Шопенгауэр А. Мир как воля и представление. Том 1.

http://psylib.ukrweb.net/books/shope01/index.htm

«Наиболее явно выражается эта всеобщая борьба в животном царстве: оно питается царством растений, и в нем самом в свою очередь каждое животное становится добычей и пищей другого, т.е. должно уступать ту материю, в которой выражалась его идея, для выражения другой идеи, потому что всякое животное может поддерживать свое существование только посредством беспрестанного уничтожения других; таким образом, воля к жизни всюду пожирает самое себя и в разных видах служит своей собственной пищей, и наконец, род человеческий в своей победе над всеми другими видит в природе фабрикат для своего потребления; но и этот род (как мы поймем это в четвертой книге) с ужасающей ясностью являет в самом себе ту же борьбу, то же самораздвоение воли, и становится homo homini lupus [человек человеку волк].

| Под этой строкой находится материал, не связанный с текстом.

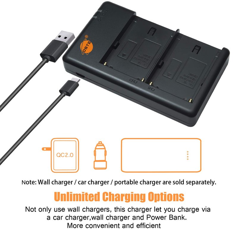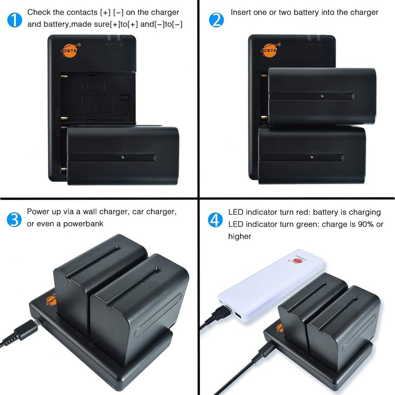 - Three Ways to Charge: Power up via a wall charger, car charger, or even a powerbank; Micro-USB 5V/2.1A max input recharges 2 full batteries in just 6 hours. Note: wall charger, car charger and power bank are not included

И ту же борьбу, то же порабощение мы встречаем и на низших ступенях объектности воли. Многие насекомые (особенно – ихневмоны) кладут свои яйца на кожу, даже в тело личинок других насекомых, медленное уничтожение которых – первое дело выползающего потомства. Молодой полип, вырастающий в форме ветви из старого и впоследствии отделяющийся от него, еще сидя на нем, уже борется с ним из-за добычи, так что один вырывает ее изо рта у другого (Trembley Polypod. 2. стр. 110 и 3, стр. 165). Но самый яркий пример в этом отношении представляет австралийский муравей-бульдог (bulldog-ant): если его разрезать, начинается борьба между отдельными частями – головой и хвостом; первая нападает своими челюстями, а последний храбро отражает ее своими уколами; борьба обыкновенно продолжается около получаса, пока части не замрут или пока их не оттащат другие муравьи».